Posted By: Merllene Andre Bendixen (email)
Date: 1/2/2011 at 18:23:23

C. A. Torrence Accidentally Killed Sunday
The community was shocked Sunday by the sudden death of Charles A. Torrence [Charles Alex Torrence], 64 [dob April 15 1877], a long time employee of the Rock Island Railway.

Mr. Torrence had been on his regular duties Sunday as caretaker of the roundhouse offices and the passenger cars. He apparently was in good health when last seen, which was about fifteen minutes to twelve according to the testimony at the inquest.

Mr. Torrence told another employee about 11:45 in the morning to get a certain engine ready to go out. Later he was seen in offices putting on his sheep-lined coat and appeared to be in haste as he went out. This was the last time he was seen alive.

At about 3:30 Tom Brown opened the doors to stall No. 23 to the round house. As he did so he saw feet and legs sticking out of the cinder pit. He saw at once it was his friend Torrence. Brown called George Kramer to assist him and the two were unable to get Torrence out of the pit. They then called Tom Brandt, who helped them.

Dr. Clark was called, examined Mr. Torrence and ordered the body taken to the coroner, Fred Sternborg.

An inquest was held Monday afternoon at 1:30. Evidence was produced in the case but no light could be thrown on the reason for his death.

The jury finding indicated Torrence’s death was caused either by heart failure or that he accidentally fell into the pit. Dr. Clark, called as a witness, said Torrence was probably dead when he fell into the pit. There was about a foot of water in the pit at the time but there was indication of water in his lungs.

There were some bruises on Torrence’s head but Dr. Clark said he hardly thought they were sufficient to cause death.

The evidence showed that about ten days before Torrence had complained of a pain under his heart, otherwise seeming to be in perfect health. He was well liked by all the men and there was no indication of foul play in the case.

The evidence indicates that Torrence fell in the pit about 12 o’clock, as his dinner pail was untouched where he left it. Witnesses said even had they looked for him they would hardly have looked at this part of the roundhouse or in the pit.

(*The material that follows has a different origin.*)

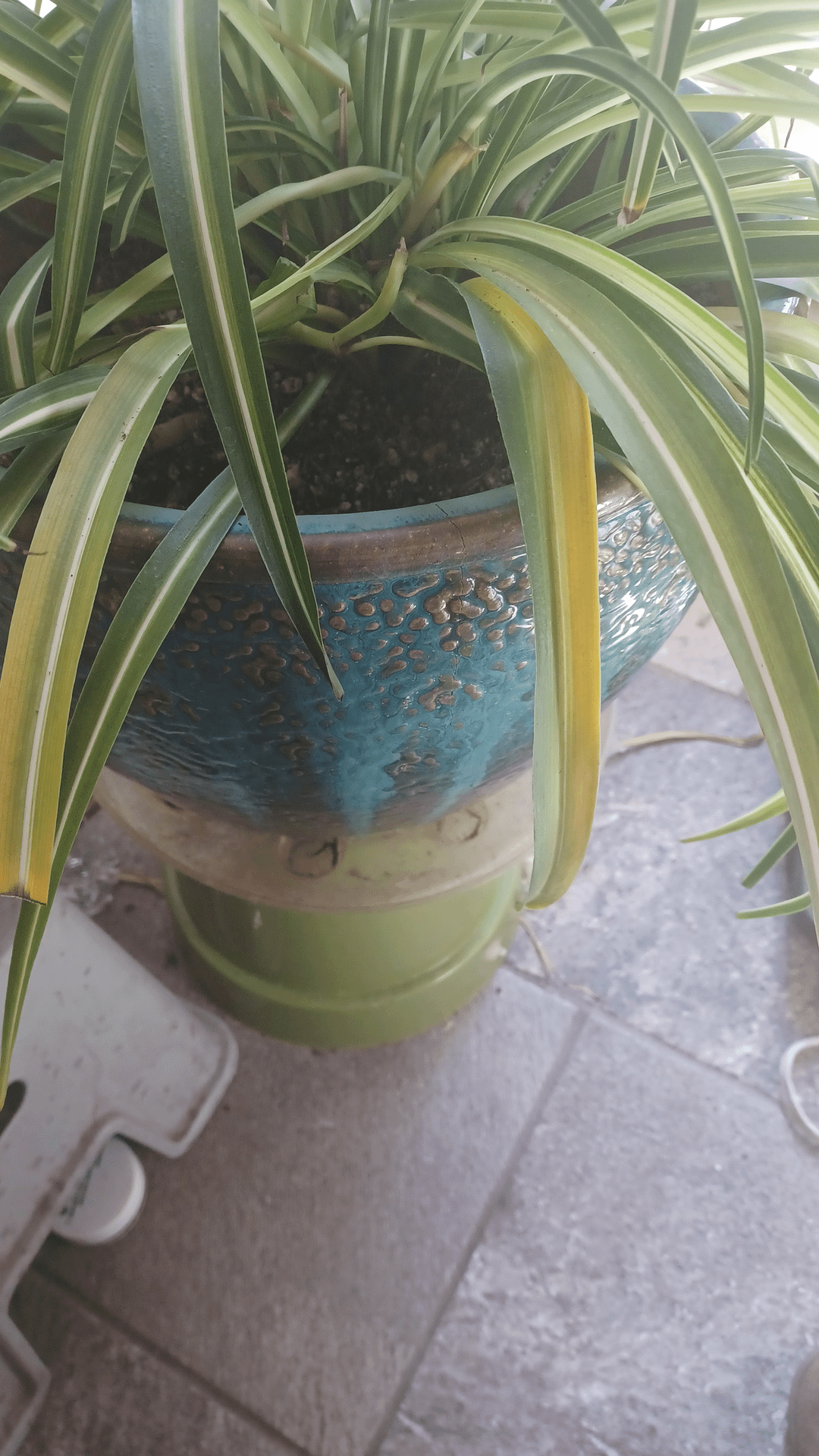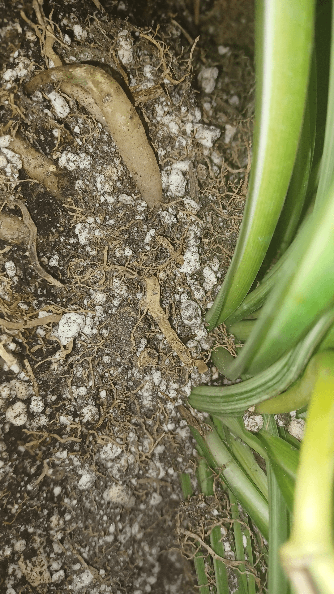 植え替えたばかりで、根元がおかしくなり、黄色くなった葉を切り取り続け、数週間前にバナナの皮の混合物を加えましたが、どんどん垂れ下がっているようです。しかし、植物の中心から新しい成長が見られるように思います。ヘルプ?

Funeral services were held yesterday at 1:30 at the residence and at 2 p.m. at the Baptist church, Rev. J. Albert Riggs officiating. Interment was in Oak Hill Cemetery. (Estherville Enterprise, Estherville, IA, February 3, 1938)

Attends Funeral Here
L. P. Stillman of Dolliver was in the city Wednesday afternoon attending the funeral services of Clarence Torrence. Mr. Torrence was a member of the Emmetsburg camp of the Spanish American war veterans. He enlisted from Minnesota at the time of the war but joined the camp at Emmetsburg when he came here to reside. Mr. Stillman was a member of the same camp. (Estherville Enterprise, Estherville, IA, February 3, 1938)

Mr. and Mrs. Robert Torrence and daughter, Carolyn Dell, of Scranton, spent the weekend in Estherville visiting at the home of Mr. Torrence’s mother, Mrs. C. A. Torrence. Mr. Torrence is high school coach at Scranton. (Estherville Enterprise, Estherville, IA, February 17, 1938)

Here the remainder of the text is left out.